Grinding and clashing, Nanny managed to make her way across the path and up to them. She stopped, settling down, retracting her treads. She did not stir. One eye, the good eye, reflected the sunlight. The other had not been synchronized; it gaped with futile emptiness. She had managed to shift most of her weight on her less-damaged side, but her motion was bad and uneven, and slow. There was a smell about her, an odor of burning oil and friction.

Jean studied her. Finally she patted the bent green side sympathetically. "Poor Nanny! What did you do, Nanny? What happened to you? Were you in a wreck?"

"Let's push Nanny in," Bobby said lazily. "And see if she can swim. Can a Nanny swim?"

Jean said no, because she was too heavy. She would sink to the bottom and they would never see her again.

"Then we won't push her in," Bobby agreed.

For a time there was silence. Overhead a few birds fluttered past, plump specks streaking swiftly across the sky. A small boy on a bicycle came riding hesitantly along the gravel path, his front wheel wobbling.

"I wish I had a bicycle," Bobby murmured.

The boy careened on past. Across the lake the fat man stood up and knocked his pipe against the bench. He closed his book and sauntered off along the path, wiping his perspiring forehead with a vast red handkerchief.

"What happens to Nannies when they get old?" Bobby asked wonderingly. "What do they do? Where do they go?"

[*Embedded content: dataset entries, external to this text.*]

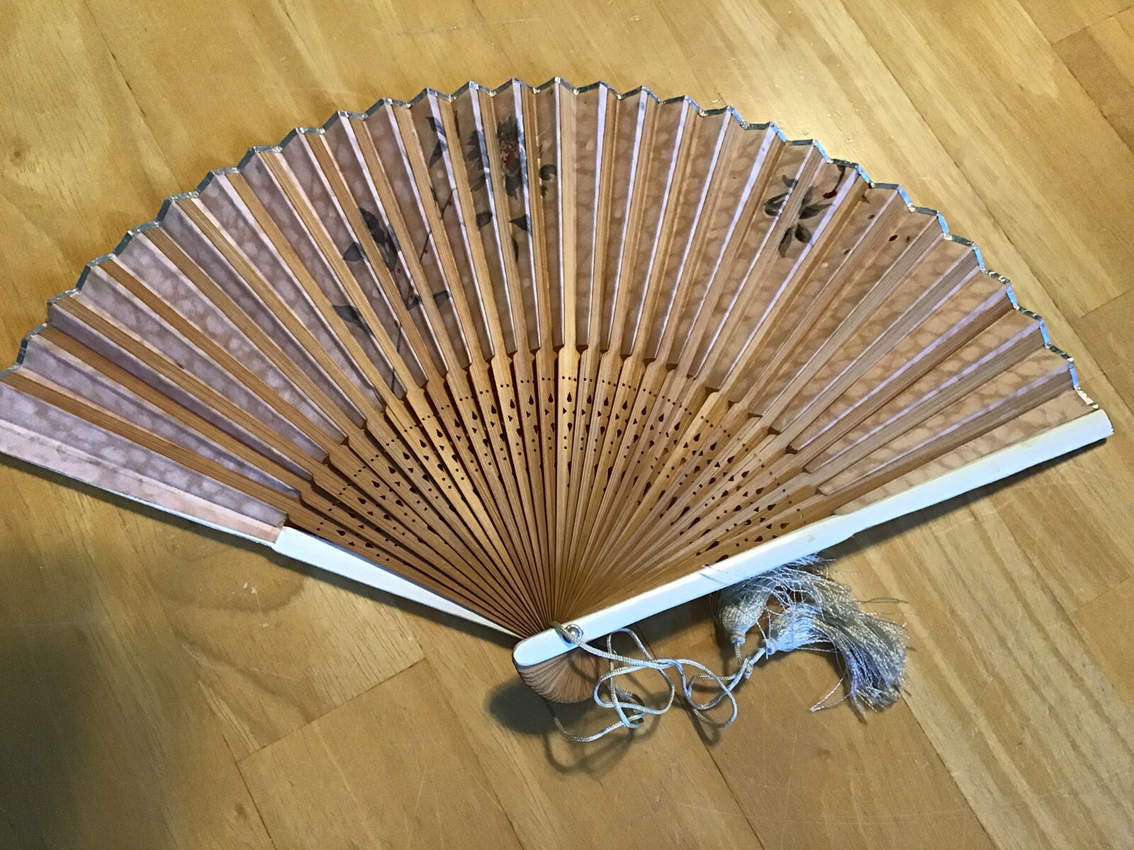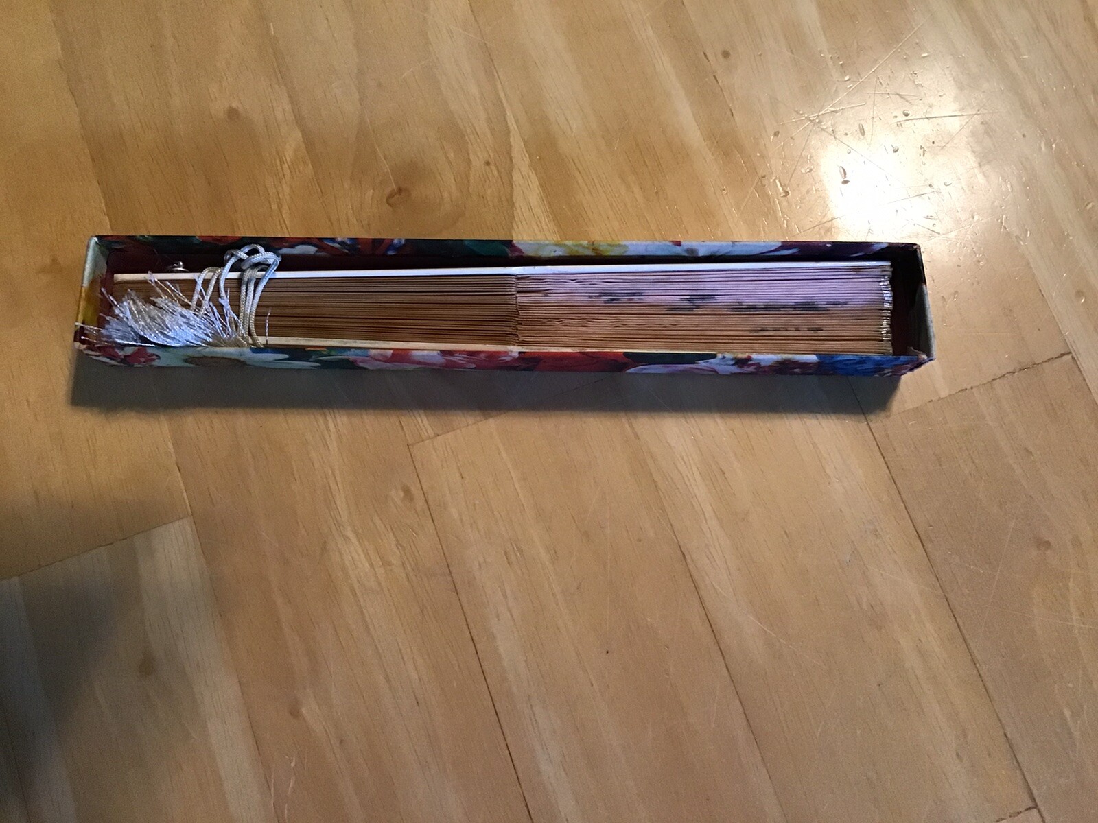 как выглядит Vintage Paper And Wood Hand Held Folding Fan Sparkly Edges Original Box фото
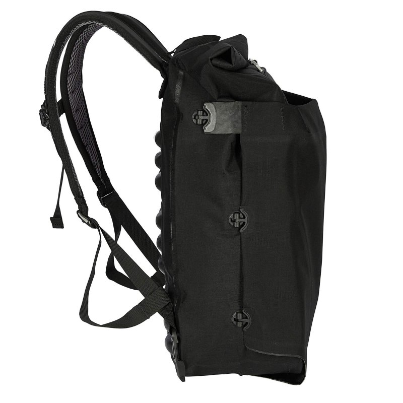 Die Mechanik beim Vario Plus 26L QL2.2 ist bestechend einfach und funktioniert prima: Die Packtasche hat auf einer Seite Rucksack-Tragegurte, auf der anderen das verbesserte Quick-Lock 2.2-System für deinen Gepäckträger. Der Clou ist das Flap: Dieser flexible Deckel ist mittig an der Seite und am Boden der Vario Plus beweglich angeschlagen. Entweder deckt das Flap also das Quick-Lock 2.2 System ab, oder aber die Tragegurte.
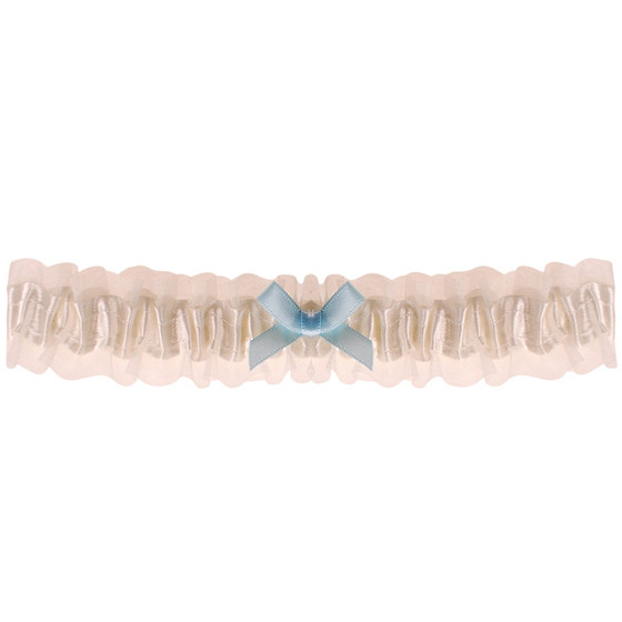 Kousenband ivoor met blauw strikje
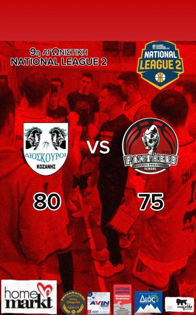 Μια συναρπαστική αναμέτρηση έδωσε ο ΓΑΣΠ Πάνθηρες Κατερίνης στην Κοζάνη, χάνοντας στις λεπτομέρειες τη μεγάλη νίκη απέναντι στους Διόσκουρους με τελικό σκορ 80-75, για την 9η αγωνιστική της National League 2.
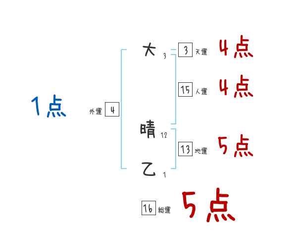 天運![]() | 大晴乙さんの天運は3画の4つ星!活動的で才能に恵まれ、多くの信頼を得る。希望に満ち成長する。 家系が持つ宿命的な運勢を表します。祖先から受け継いだ苗字ですので自分の力が及びません。家柄を象徴します。 |
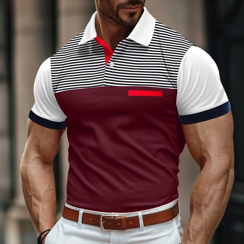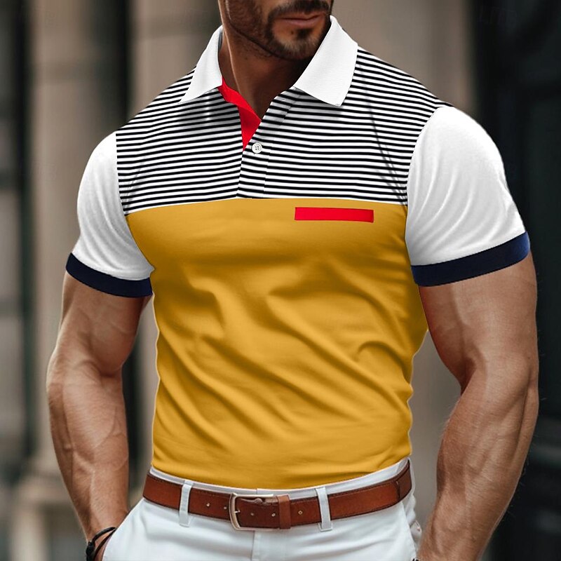 More information about Men's Polo Shirt Golf Shirt Casual Holiday Ribbed Polo Collar Short Sleeve Fashion Basic Color Block Stripes Classic Summer Regular Fit White Yellow Burgundy Navy Blue Sky Blue Polo Shirt
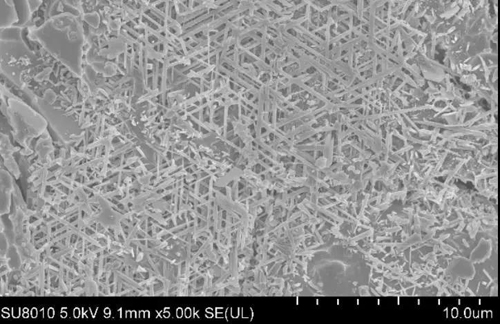 產品坯體內部網格狀莫來石針狀晶體
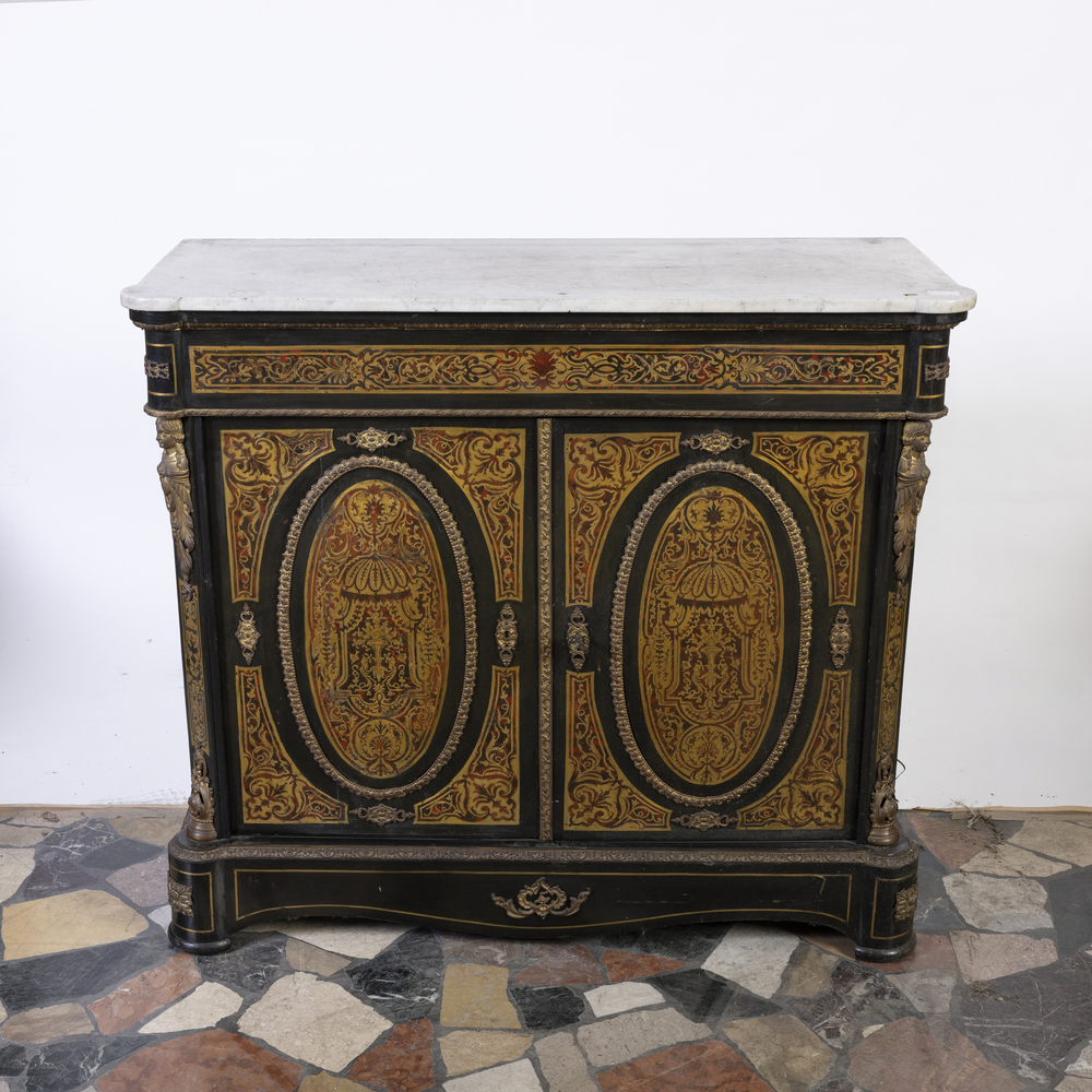 Credenza in stile Boulle in legno ebanizzato e con piano in marmo
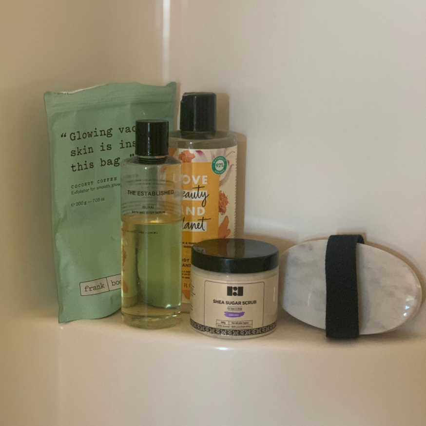 I dry brush once or twice a week, and I use a body scrub once or twice a week. I’m really into dry brushing lately. The one I’m using now I just got on Amazon, but I have one coming from Gilded Body that I’m really excited about. The scrubs I like are R&R Luxury’s Shea Sugar Scrub and Frank Body’s Coffee Scrub. I wash with the Love Beauty and Planet shower gel from Target or Olay—pretty basic. And then I get more into the body oils and moisturizers. When I get out of the shower I immediately put on The Established’s Elixa Bath and Body Serum and then layer their body cream on top. If I’m in a warmer climate, or it’s summer, I love R&R Luxury’s Shea Oil. Shea butter is hard, and you have to warm it up in your hands before you can use it. With shea oil, all you have to do is press the pump. It’s phenomenal. I started using this stuff last year—their US distributor is in Maryland, but it’s actually manufactured in Ghana.
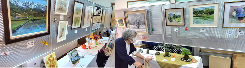 松塚連協による「松塚アートフェア2021」が12月18日は10:00~16:00、19日は10:00~15:00松塚ふれあい館において開催されました。 松塚の芸術家による書、絵画、写真、陶芸、手芸、盆栽等が展示され、チャイナペイント体験、折り紙体験、喫茶の各コーナーもあって、コロナ禍で会えなかった人達とも久し振りに顔を会わせ、マスク越しに挨拶を交わしながらの鑑賞でした。 「松塚アートフェア2021」プログラムと出展者一覧表はこの項をクリックすると繋がります |
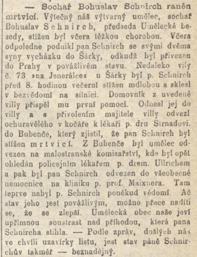 Výtečný náš výtvarný umělec, sochař Bohuslav Schnirch, předseda Umělecké besedy, stižen byl včera těžkou chorobou. Včera odpoledne podnikl pan Schnirch se svými dvěma syny vycházku do Šárky, odkudž byl převezen do Prahy v povážlivém stavu. Nedaleko vily č. 73 “na Jenerálce” u Šárky byl p. Schnirch před 8. hodinou večerní stižen mdlobou a sklesl v bezvědomí na silnici. Domovník z uvedené villy přispěl mu první pomocí. Odnesl jej do villy a s přivolením majitele villy odvezl ochuravělého v kočáře k lékaři p. dru. Strnadovi do Bubenče, který zjistil, že pan Schnirch byl stižen mrtvicí. Z Bubenče byl umělec odvezen na malostranské komisařství, kde byl opět ohledán policejním lékařem p. drem. Ullrichem a pak byl pan Schnirch odvezen do všeobecné nemocnice na kliniku p. prof. Maixnera. Tam teprve nabyl p. Schnirch poněkud vědomí. Ač stav jeho jest povážlivým, možno přece nadíti se, že se zlepší. Umělecká obec naše jeví upřímnou soustrast nad příhodou, která pana Schnircha stihla. – Podle zpráv, došlých nás ve chvíli uzavírky listu, jest stav páně Schnirchův takměř – beznadějný. |
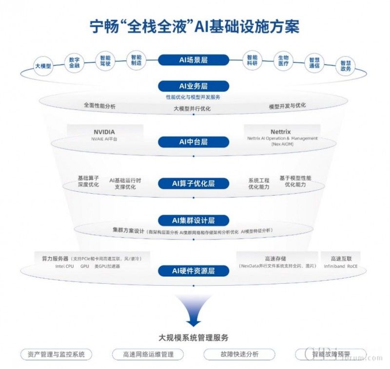 為此,寧暢構(gòu)建了以底層硬件到頂層應(yīng)用平臺(tái)的全棧AI系統(tǒng)環(huán)境。軟件層上以AI算子全棧優(yōu)化能力,為AI 業(yè)務(wù)提供并行加速、性能分析、模型開發(fā)優(yōu)化等服務(wù)支持,幫助用戶極速推進(jìn)AI應(yīng)用開發(fā)及管理;硬件層上實(shí)現(xiàn)GPU服務(wù)器與GPU卡的靈活組合,散熱方式上可選液冷、風(fēng)冷或風(fēng)液混合,實(shí)現(xiàn)性能與能效的絕佳平衡。寧暢近期推出的業(yè)內(nèi)首個(gè)實(shí)現(xiàn)原生全液冷的通用機(jī)架服務(wù)器,從原生全液冷、大解耦、高能效三方面發(fā)力,助力數(shù)據(jù)中心實(shí)現(xiàn)了“全棧全液”新生態(tài)。
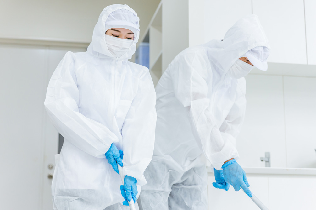 ご遺体の発見現場に残ってしまった臭いや汚れは、通常の清掃では落としきることは困難で、感染症の原因にもなります。当社は特殊な技術、専用資機材でプロが消臭・消毒いたします。ご遺族やご依頼者の秘密厳守を徹底します。
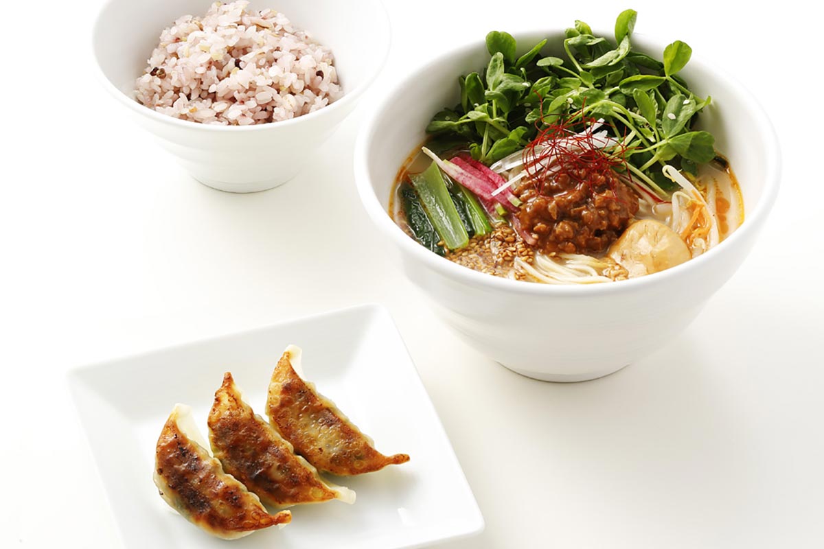 らーめんだけではなく、大豆ミートを使用した「全部野菜の焼き餃子 3個」(350円)など、脂質を抑えつつ高たんぱくなカラダにうれしいメニューもあります。らーめんとセットで頼めば大満足!でも重くなくて本当においしい!
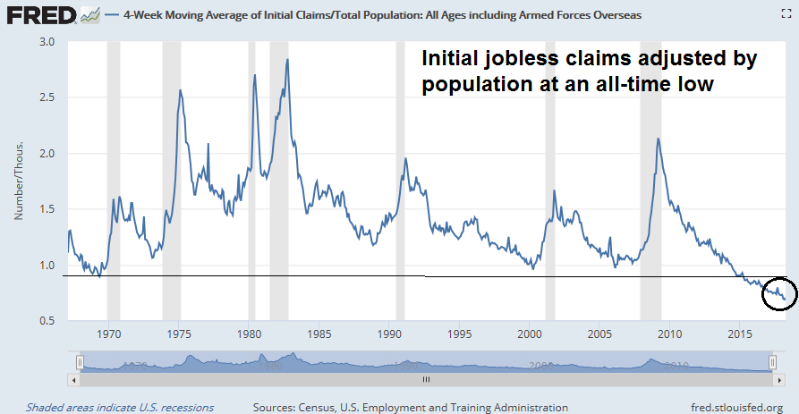 Still, it is too early to get too bearish on equities just yet. There are few signs of a bull market killing recession in sight. Initial jobless claims provide a timely high frequency pulse of the American economy. There was much excitement last week when initial claims fell to the lowest level since 1969. For a better perspective, initial claims adjusted for population has been steadily declining and making all-time lows in this expansion cycle.
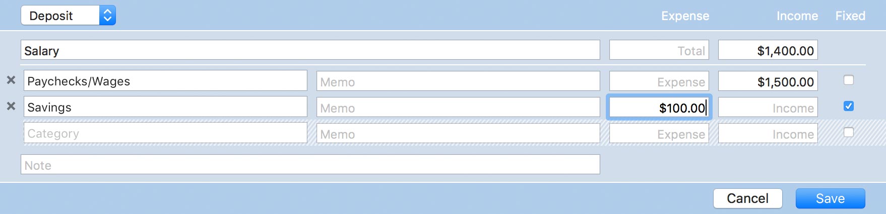 Transaction templates may also have split items associated with them; these can be viewed by clicking the "split" button. When editing a template, split balancing is handled differently than when editing regular split transactions. Instead of the split balancer icon, each split item has a "Fixed" checkbox at its right side. Checking this box will designate the item's amount as fixed: it will not change if you adjust the overall transaction amount, whereas unchecked items will fluctuate depending on the overall transaction amount. On templates, the transaction total is always variable and cannot be fixed. A couple of examples will help to illustrate this feature:

"They go to heaven." Jean lovingly thumped the green dented hull with her hand. "Just like everybody else."

"Are Nannies born? Were there always Nannies?" Bobby had begun to conjecture on ultimate cosmic mysteries. "Maybe there was a time before there were Nannies. I wonder what the world was like in the days before Nannies lived."

"Of course there were always Nannies," Jean said impatiently. "If there weren't, where did they come from?"